Entertainment
How to watch the 2024 Emmys (and everything else you need to know)
The second Primetime Emmy Awards of 2024 are upon us.
The 76th Emmy Awards, celebrating the best of the 2023-24 television season, arrives just eight months after the ceremony for the 75th edition was held in January. Nominees from hit shows such as “Shōgun,” “The Bear,” “Hacks,” “The Crown” and “Baby Reindeer” will assemble at the Peacock Theater at L.A. Live in Los Angeles on Sunday for the actual 2024 Emmy Awards.
“Shōgun” and “The Bear” are among the shows that have already notched a few early wins at the Creative Arts Emmy Awards held earlier this month. Jamie Lee Curtis and Jon Bernthal won comedy guest acting awards for their roles on “The Bear,” while Néstor Carbonell of “Shōgun” and Michaela Coel of “Mr. & Mrs. Smith” were awarded the guest actor prizes in drama.
Here’s everything you need to know about the 2024 Emmy Awards.
When are the Emmys? Didn’t we just have them?
The 76th Emmy Awards will be held on Sunday at the Peacock Theater at L.A. Live. The three-hour live telecast begins at 5 p.m. PT on ABC (and will be available the next day on Hulu).
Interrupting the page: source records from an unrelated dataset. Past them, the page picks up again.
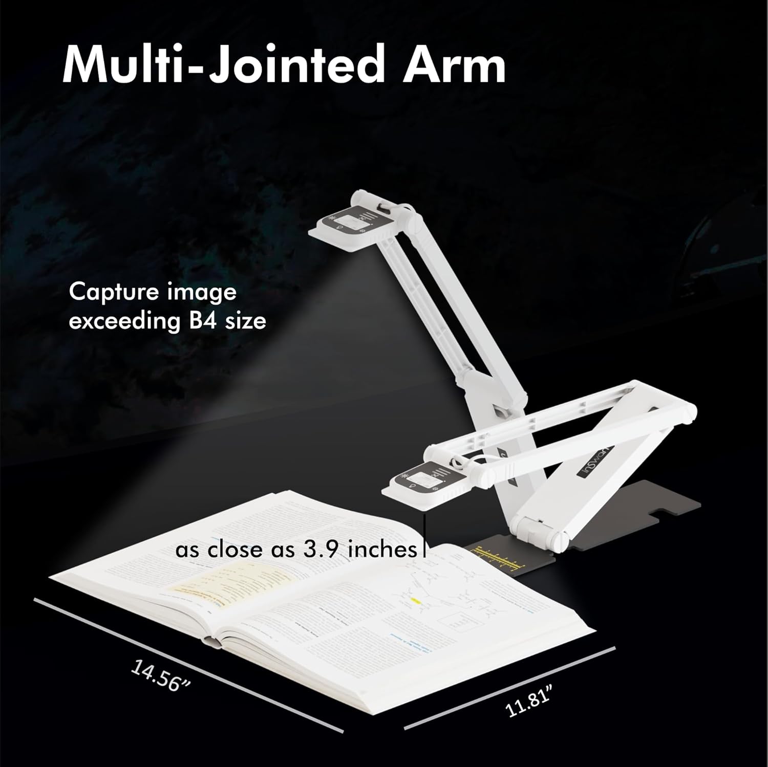 - [Adjustable Arm & Magnet-Friendly Metal Base] Supports documents larger than B4 (14.56” x 11.81”) and captures macro shots from just 3.9 inches. The sturdy metal base works with strong third-party magnets (not included), allowing secure mounting on metallic partitions or walls—helping you position the camera higher for a dramatically expanded view while saving desk space. The multi-joint arm allows flexible angle adjustments.
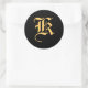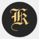 Monogram "K" Gold-Colour on Black Classic Round Sticker
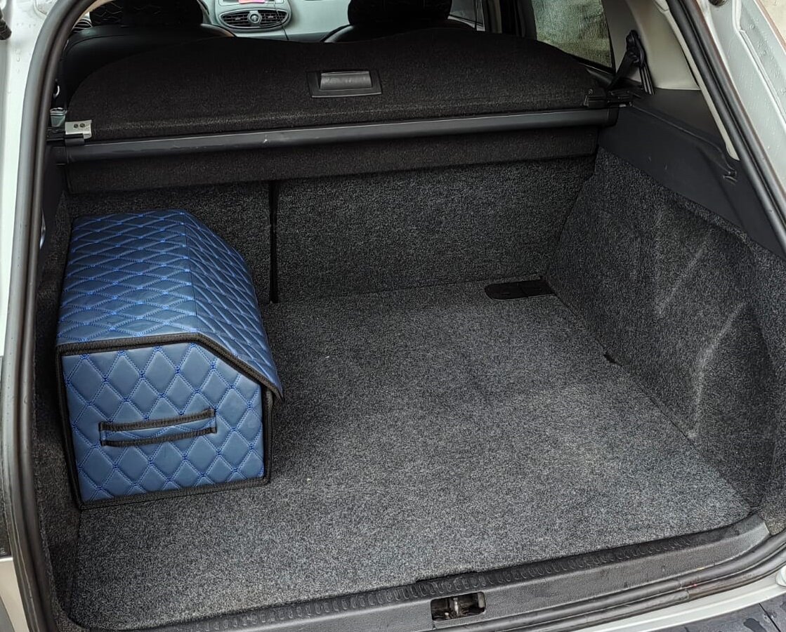 СохранитьСумка-органайзер Autozoom в багажник /сумка-саквояж универсальная для автомобиля / кофр в багажник авто/. Синяя экокожа, строчка синий ромб интересное:
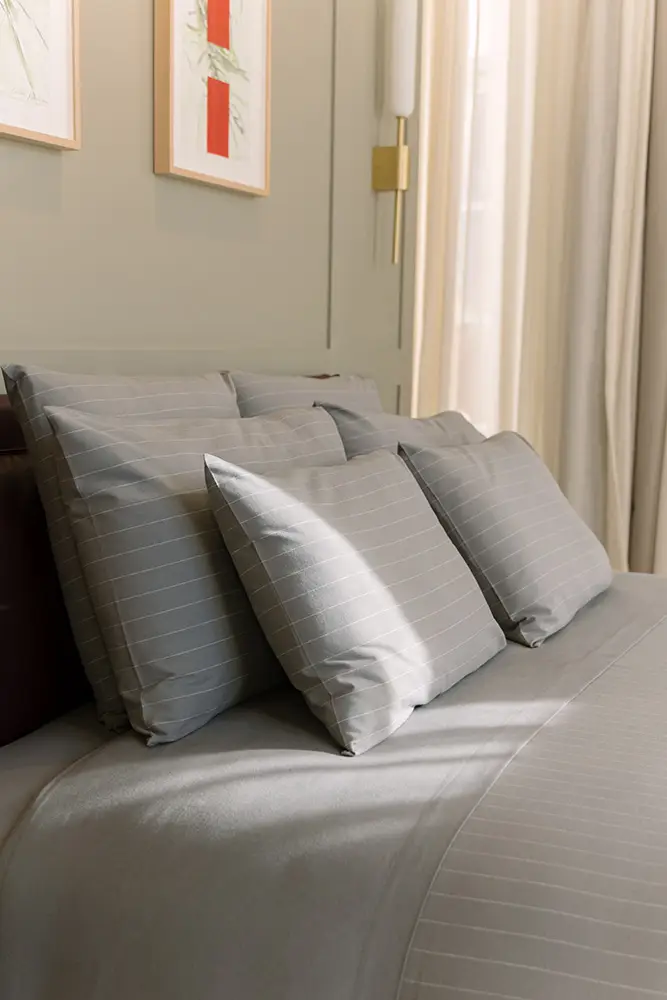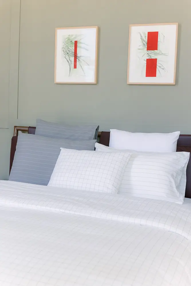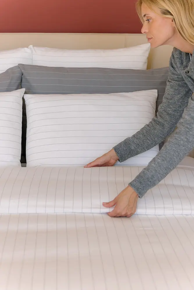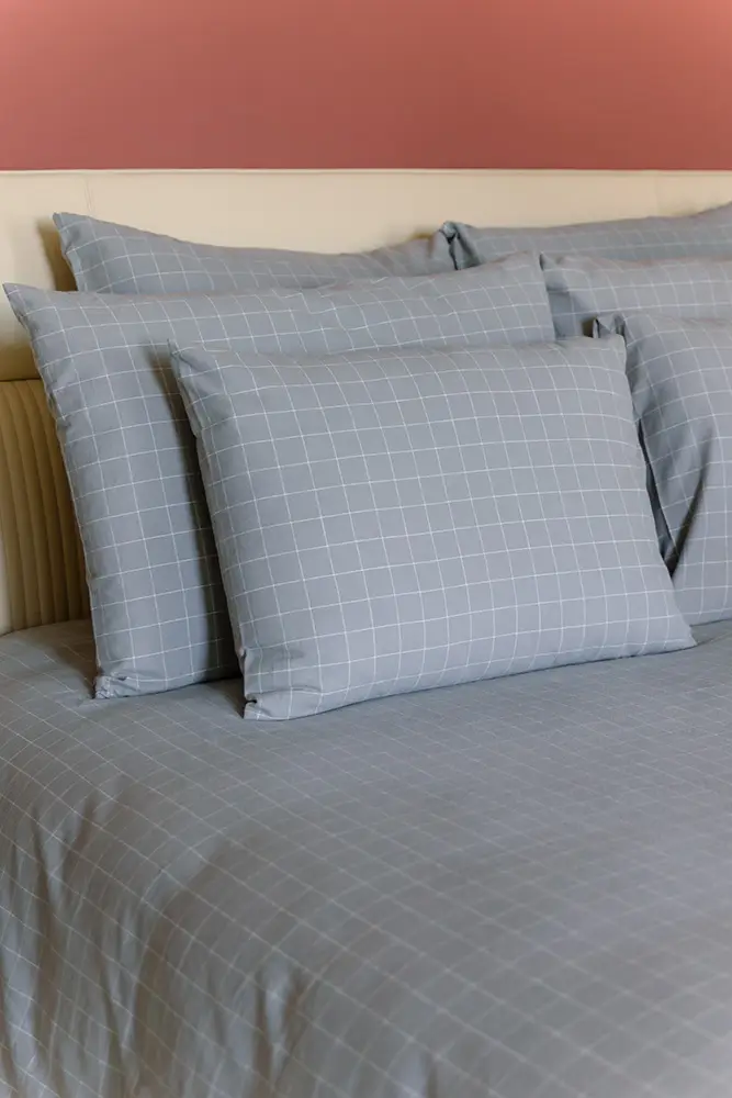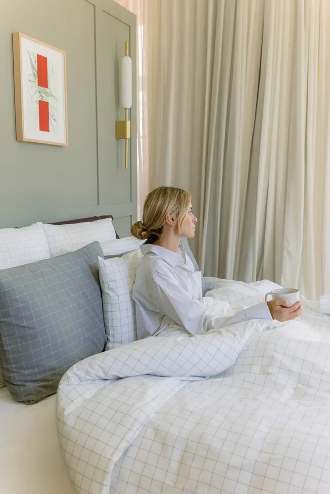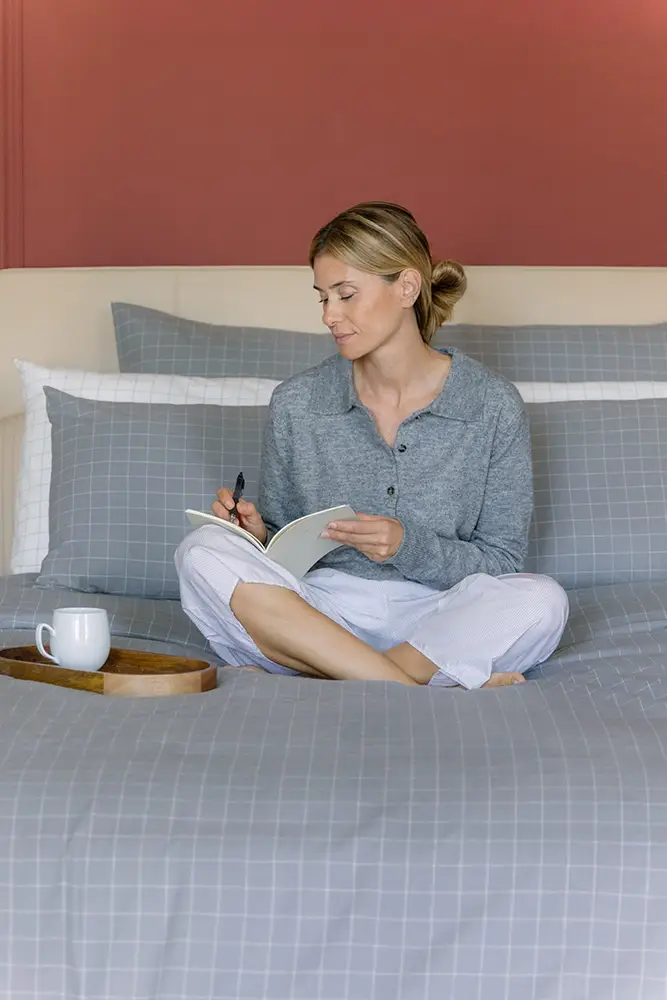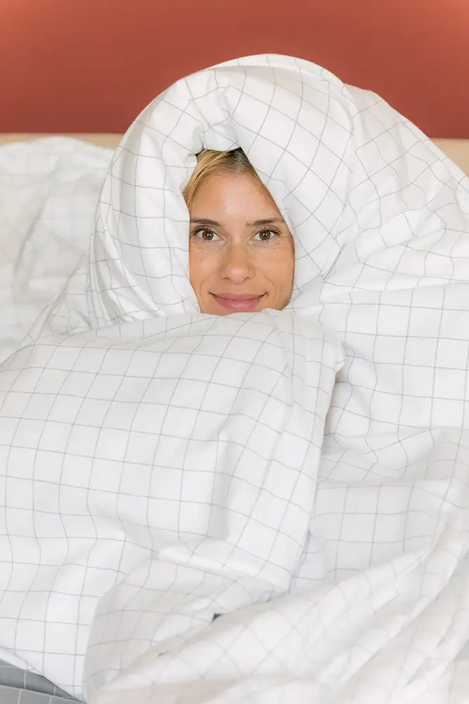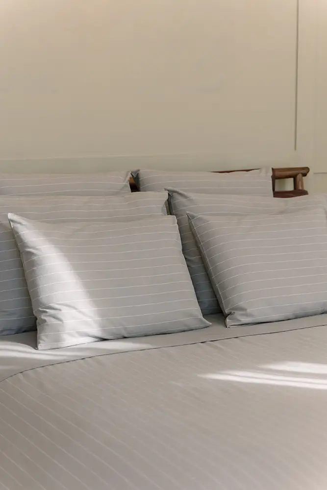 La colección presenta patrones minimalistas de rayas y cuadros, disponibles en blanco y gris, combinando un diseño atemporal con la estética acogedora del invierno. Incluye funda nórdica, sábana encimera, sábana ajustable y fundas de almohada. Esta mezcla de rayas, cuadros y piezas lisas permite infinitas combinaciones, creando conjuntos armoniosos y versátiles que se adaptan a diferentes estilos de dormitorio. Cada funda nórdica incluye botones translúcidos discretamente ocultos, que garantizan un acabado elegante.

This is a return to form for the Emmys, which are traditionally held in September. The 75th Emmys were postponed from their original date in 2023 to January because of the dual Hollywood strikes by the Writers Guild of America and SAG-AFTRA.
The Creative Arts Emmy Awards, which were held earlier this month, will air on FXX on Saturday at 8 p.m. (and will be available on Hulu the next day).
How can I watch them?
The live telecast will be broadcast on ABC, so you will need access to cable, a television equipped with a digital antenna or an over-the-top service that is not currently fighting with Disney (sorry DirecTV subscribers). Cord-cutters will need to be subscribed to streaming services with live TV tiers like Hulu+ Live TV or Fubo.
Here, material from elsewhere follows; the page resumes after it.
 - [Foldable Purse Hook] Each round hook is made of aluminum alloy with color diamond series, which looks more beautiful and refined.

Those not concerned about seeing the event live can stream it on Hulu starting Monday.
Who is hosting?
Eugene and Dan Levy will host the 76th Emmy Awards.
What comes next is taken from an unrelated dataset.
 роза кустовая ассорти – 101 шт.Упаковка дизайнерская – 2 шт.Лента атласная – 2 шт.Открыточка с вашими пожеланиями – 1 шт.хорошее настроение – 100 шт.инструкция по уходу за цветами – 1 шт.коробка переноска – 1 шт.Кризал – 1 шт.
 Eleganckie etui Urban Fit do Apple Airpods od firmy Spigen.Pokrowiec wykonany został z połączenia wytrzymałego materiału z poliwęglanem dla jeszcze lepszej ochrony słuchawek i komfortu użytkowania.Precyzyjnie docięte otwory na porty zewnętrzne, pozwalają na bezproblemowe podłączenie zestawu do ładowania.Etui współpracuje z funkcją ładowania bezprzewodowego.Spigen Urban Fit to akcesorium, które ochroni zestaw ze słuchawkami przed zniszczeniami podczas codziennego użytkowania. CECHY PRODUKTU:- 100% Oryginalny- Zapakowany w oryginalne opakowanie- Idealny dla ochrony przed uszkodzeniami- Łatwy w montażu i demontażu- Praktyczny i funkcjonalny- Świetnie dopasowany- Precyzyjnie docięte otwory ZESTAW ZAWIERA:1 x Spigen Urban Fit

(Kirk McKoy / Los Angeles Times)
Father-son team Eugene Levy and Dan Levy, who co-created and starred in the beloved sitcom “Schitt’s Creek,” have been tapped to host this year’s ceremony. As Times television critic Robert Lloyd noted in his interview with the Canadian duo, it’s almost like a belated victory lap for them: “Schitt’s Creek” swept all seven of the major comedy categories at the 72nd Emmys, which were held in 2020, during the height of the COVID-19 pandemic.
The Levys said that their aim for the show is for it “to feel celebratory” with “a bit of an edge.”
“People … are kind of excited that we’re not hard-edged comics, that there will be a kind of warmth to the room,” said Dan Levy. Added Eugene Levy: “You want it to be funny, but it’s maybe a kinder, gentler approach.”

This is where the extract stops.